The salt forms of the above-noted dye molecules that form stable salts may also be used. It should also be understood that the precursors described above are by way of example only and are not intended to be exhaustive of oxidative dyes suitable for use in accordance with the present invention.

Various commercially available oxidation dyes may be used. Some of these dyes include RODOL 4BXN (2-amino-4-hydroxyethylaminoanisole sulfate); RODOL 2A3PYR (2-amino-3-hydroxypyridine); RODOL 6CP (5-amino-6-chloro-o-cresol); RODOL RED BN (4-hydroxypropylamino-3-nitrophenol); RODOL PAOX (2-methyl-5-hydroxyethyl aminophenol); RODOL HDAP (4,5 diamino-1-(2-hydroxyethyl)pyrazole sulfate); RODOL 6AMC (6-amino-m-cresol); RODOL P BASE (p-aminophenol cosmetic grade); RODOL EG (m-aminophenol); RODOL 2G (o-aminophenol); RODOL BLFX (2,5 diamine toluene sulfate); RODOL ERN (1-Naphthol); RODOL RS TECH (resorcinol); RODOL D (p-phenylenediamine); HC YELLOW 4; HC YELLOW 5; HC BLUE 2 CP; RODOL BROWN 2R (2-nitro-p-phenylenediamine); RODOL 4A3NP (4-amino-3-nitrophenol); RODOL BROWN SO (2-chloro-p-phenylenediamine sulfate); RODOL CRS (4-Chlororesorcinol); RODOL 2MR (2-methylresorcinol high purity); RODOL GRAY BS (n-phenyl-p-phenylenediamine sulfate); RODOL PMP (1-phenyl-3-methyl-5-pyrazolone); RODOL PAOC (4-amino-2-hydroxytoluene); RODOL 3M4AP (4-amino-m-cresol); RODOL GRAY HED (N,N-bis-hydroxyethyl-p-phenylenediamine sulfate); RODOL PS (p-aminophenol sulfate); RODOL EGS (m-aminophenol sulfate); RODOL DS (p-phenylenediamine sulfate); RODOL MPDS (m-phenylenediamine sulfate); RODOL 4JP (4-nitro-o-phenylenediamine); RODOL 9R BASE (2-amino-6-chloro-4-nitrophenol); RODOL PM (p-methylaminophenol sulfate); RODOL 2,4-DAPE (2,4 diaminophenoxyethanol dihydrochloride); JAROCOL DPE (H2SO4) (2,4-diaminophenoxyethanol sulfate); and any combination thereof. In particular, suitable combinations of a base, a precursor and a colorant are selected.

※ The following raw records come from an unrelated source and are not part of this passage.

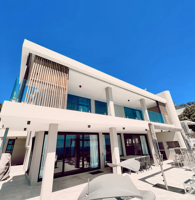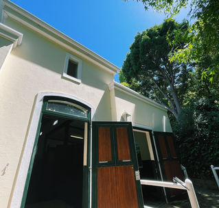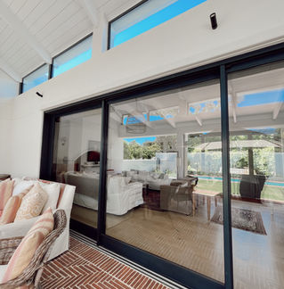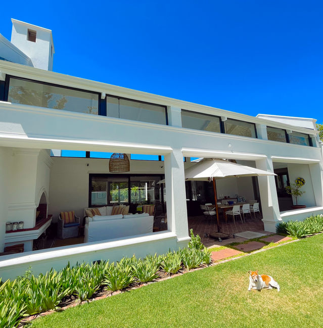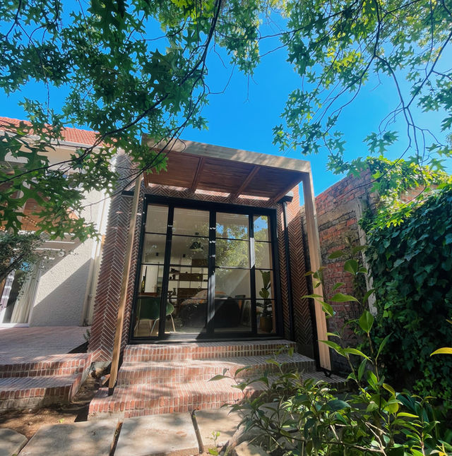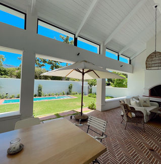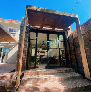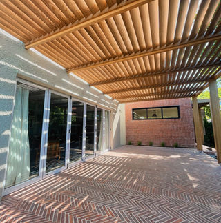 We extended an existing servant quarters into a new guest suite and extended the patio with a Rhino Wood pergola. Cutting edge architecture, especially the half klompie brick wall.
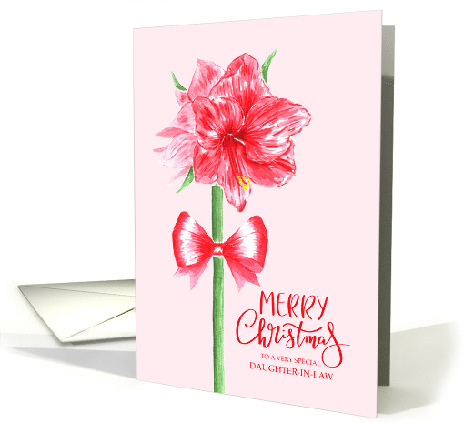 | Title: | Merry Christmas Daughter in Law with Watercolor Red Amaryllis and Bow |
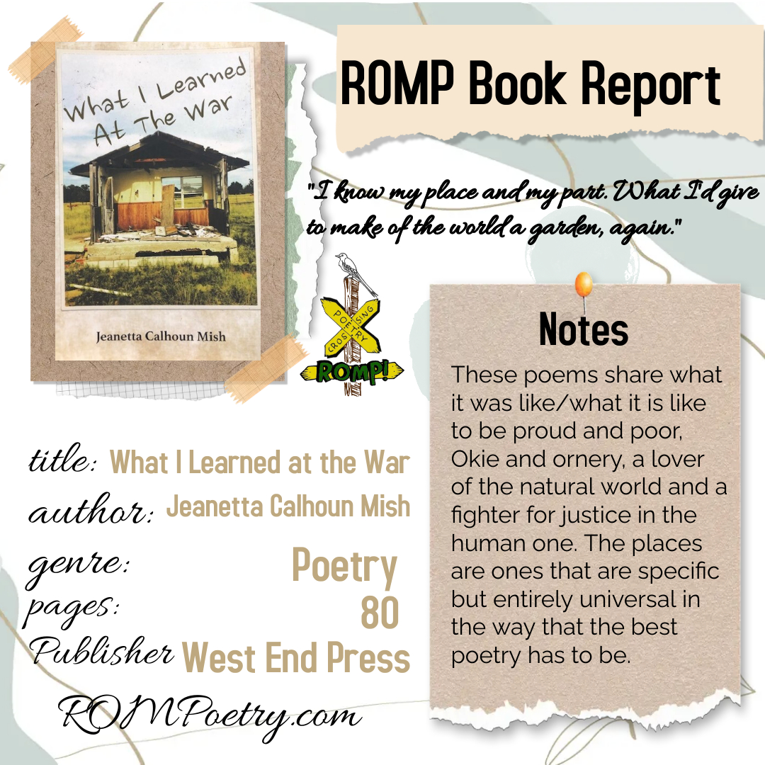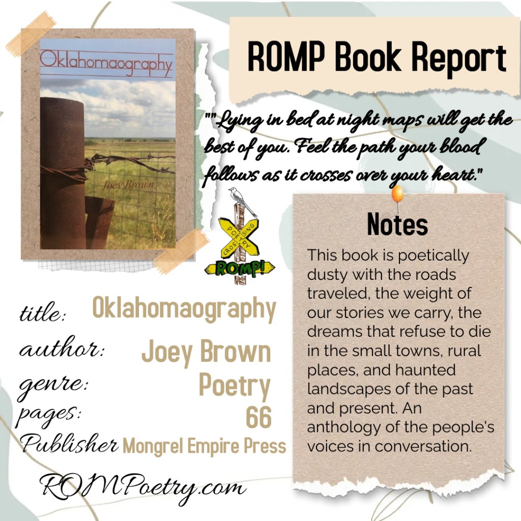 Oklahoma Poet Book Reports Send your Oklahoma author poetry book to ROMP, and we will read it and put a book report here. THANKS! ROMP, PO Box 1243, Locust Grove OK 74352 Share this: Click to share on X (Opens in new window) X Click to share on Facebook (Opens in new window) Facebook Like Loading...

To prevent premature oxidation, it is typical for the dye composition to further comprise one or more antioxidants. Examples of antioxidants that can be used in accordance with the present invention include erythorbic acid and sodium sulfite.

The carrier component comprises water, and, optionally, one or more cosmetically acceptable solvents or diluents, for example the cosmetically acceptable alcohols and ethers, provided that such solvents and diluents are miscible with water and do not undesirably react with the other materials present in the developer component.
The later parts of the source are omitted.